● **The problem**
Print, exactly and without pictures, the lines from the one where "고성군 주간행사예정표(2022. 7. 18. ~ 7. 24.)" appears down to the end of the entries.

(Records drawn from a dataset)

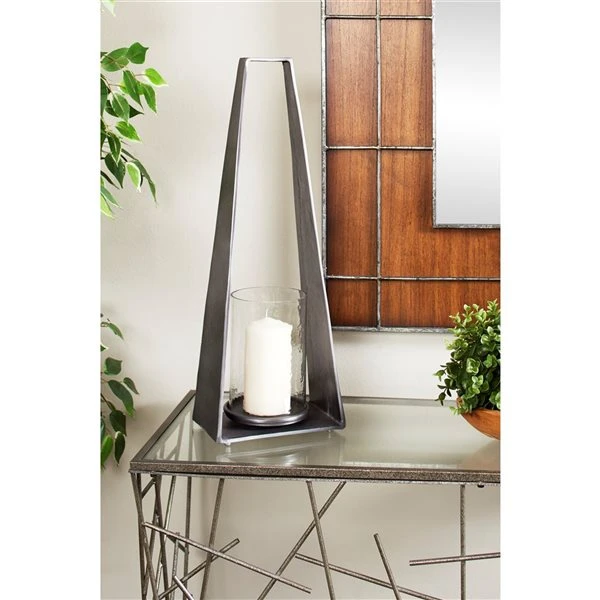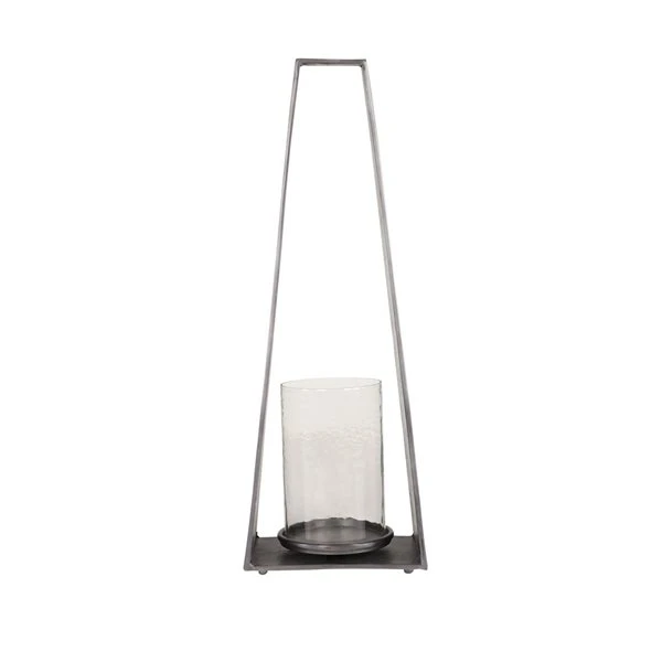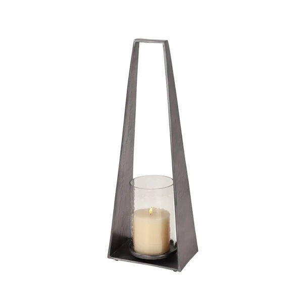 - Solid aluminum frame with triangular silhouette, cylindrical hurricane glass candle holder for pillar candles
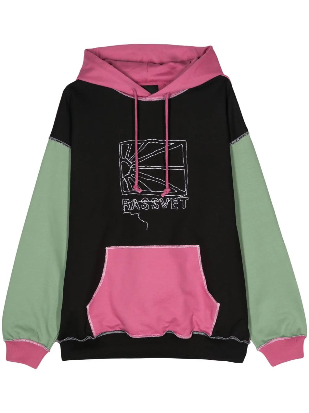 BLACK/PINK/GREEN COTTON JERSEY TEXTURE SEAM DETAILING EMBROIDERED LOGO TO THE FRONT SLOUCHY DRAWSTRING HOOD DROP SHOULDER LONG SLEEVES RIBBED CUFFS AND HEM FRONT POUCH POCKET STRAIGHT HEM
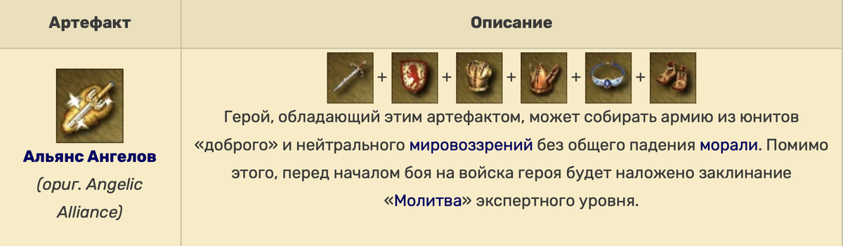 Вы ждали его? Может, и не ждали, но один из великолепных сборных артефактов Heroes 3 вернулся в Olden Era. Вообще, я заметил, что создатели вводят в оборот многие популярные сеты артефактов, помимо создания новых. Но Альянс Ангелов, безусловно, одно из знаковых сокровищ игры. Напомню, что в третьей части он собирался из шести составляющих, которые вы видите на экране: Помимо колоссального прироста к характеристикам, он позволяет собирать под своим знаменем существ доброго и нейтрального мировоззрения без падения морали, и только Инферно, Некрополис и Темница оставались не у дел. Самое главное - в начале боя на все ваши войска накладывается экспертная Молитва, поднимающая показатели атаки, защиты и скорости. После такой молитвы ваша армия точно уверует в истинного бога, даже если все были атеистами, и накинется на врага с удвоенной силой. В общем, артефакт увеличивал вашу мощь многократно, делая его желанным приобретением для любого героя. Что же у нас в Olden Era? Альянс Ангелов тоже с
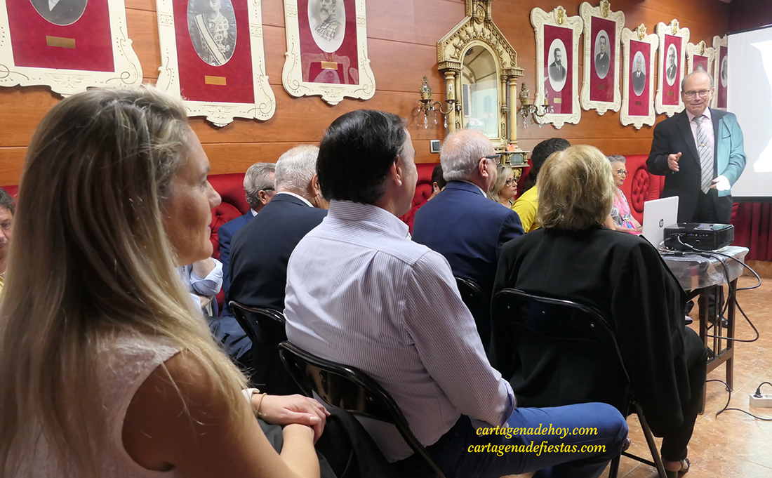 Álvaro Abril comenzó ensalzando la figura de su paisano Luis de Vicente, autor e inspiración de la mayoría de tronos californios de la Semana Santa de Cartagena apuntando que la única obra cofrade que queda de este artista está en Cartagena, "pues la de Málaga fue destruida en la Guerra Civil", expuso.
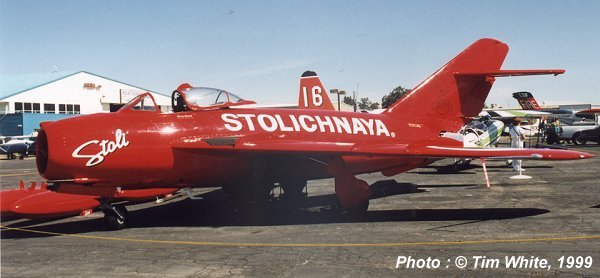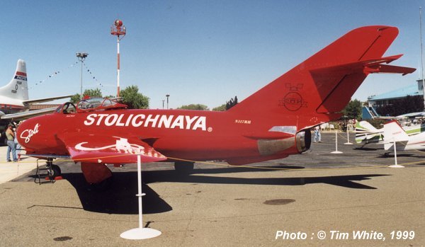 U.S. Civilian MiG-17 Duo Two exclusive views of the Stoli MiGs MiG-17's NOTE : Originally known as "Red Star Airshows", and then the "Stoli MiGs", this team is now sponsored by Smirnoff, and call themselves the Smirnoff MiGs. You can learn more about this team by visiting their web site at http://smirnoffmigs.com Clicking on any of these pictures will show a much larger, higher resolution version.
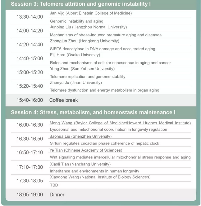 大會將邀請國際衰老研究相關領域的優秀級科學家、專家學者及醫學工作者,圍繞“衰老的機制和干預”這一主題,針對“衰老機制”,“衰老與再生”,“代謝與衰老”,“衰老的遺傳和表觀遺傳機制”,“衰老的標記物”,“衰老及衰老相關疾病的干預”等科學問題進行廣泛深入研討,旨在推動科學應對人口老齡化,合作研發防控過早老化及相關疾病的舉措。
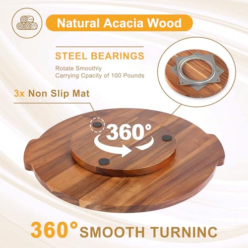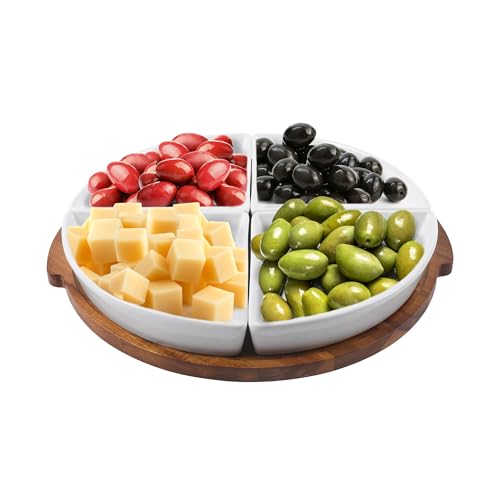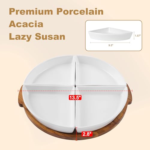 oridom - صينية تنظيم خزانة من خشب اكاسيا ليزي سوزان مقاس 13.5 انش، طبق تقديم ليزي سوزان، مجموعة مقبلات مميزة من البورسلين قابلة للدوران 360 درجة للفاكهة والخضروات والحلوى
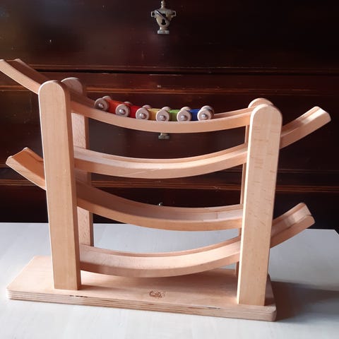 Fremstillet i plastik og træ. Designet til børn til leg og udvikling af motoriske færdigheder.
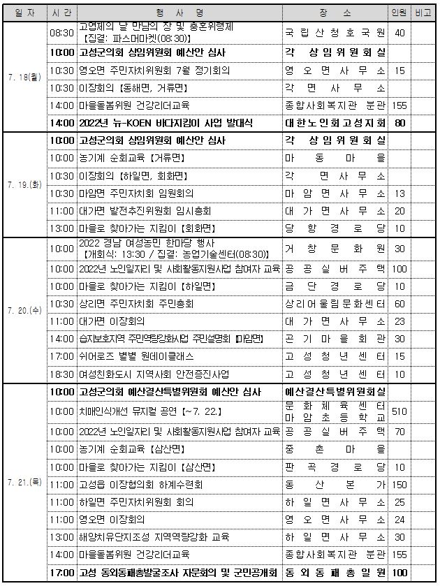 고성군 주간행사예정표(2022. 7. 18. ~ 7. 24.)
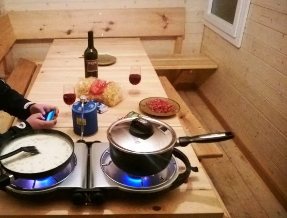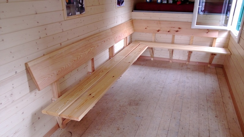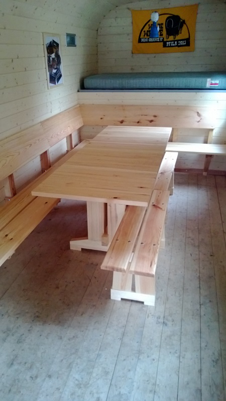 Ich hab ja schon das ein oder andere Bild von meiner kleinen fahrbaren Waldhütte eingestellt. Letzten Sommer hat mir mein Vater noch einen Eckbank und einen Tisch gemacht. Aber seht selbst
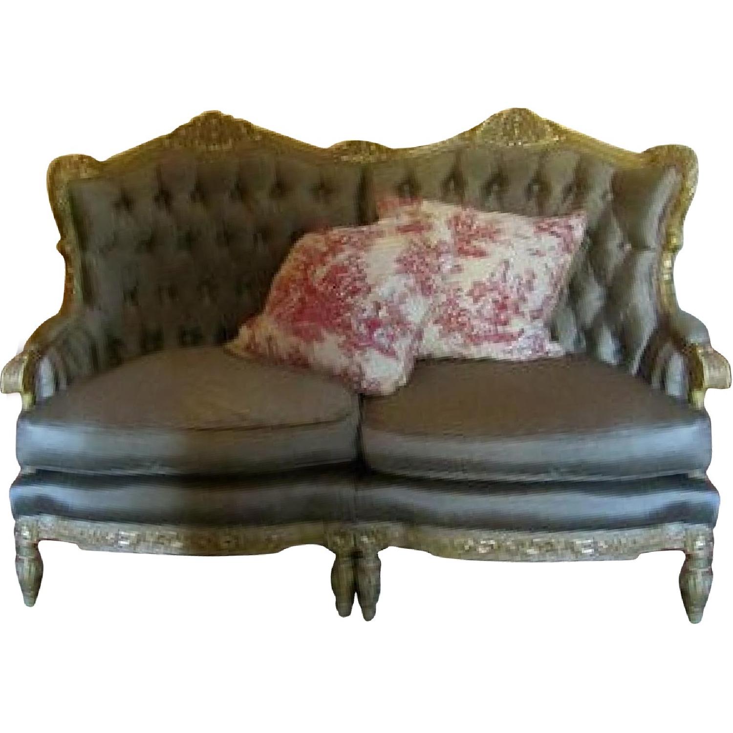 Seller's Notes:Louis XIV Settee Grey Damask Fabric with light wood.

● **Written response**
 고성군 주간행사예정표(2022. 7. 18. ~ 7. 24.)
 Ich hab ja schon das ein oder andere Bild von meiner kleinen fahrbaren Waldhütte eingestellt. Letzten Sommer hat mir mein Vater noch einen Eckbank und einen Tisch gemacht. Aber seht selbst
 Seller's Notes:Louis XIV Settee Grey Damask Fabric with light wood.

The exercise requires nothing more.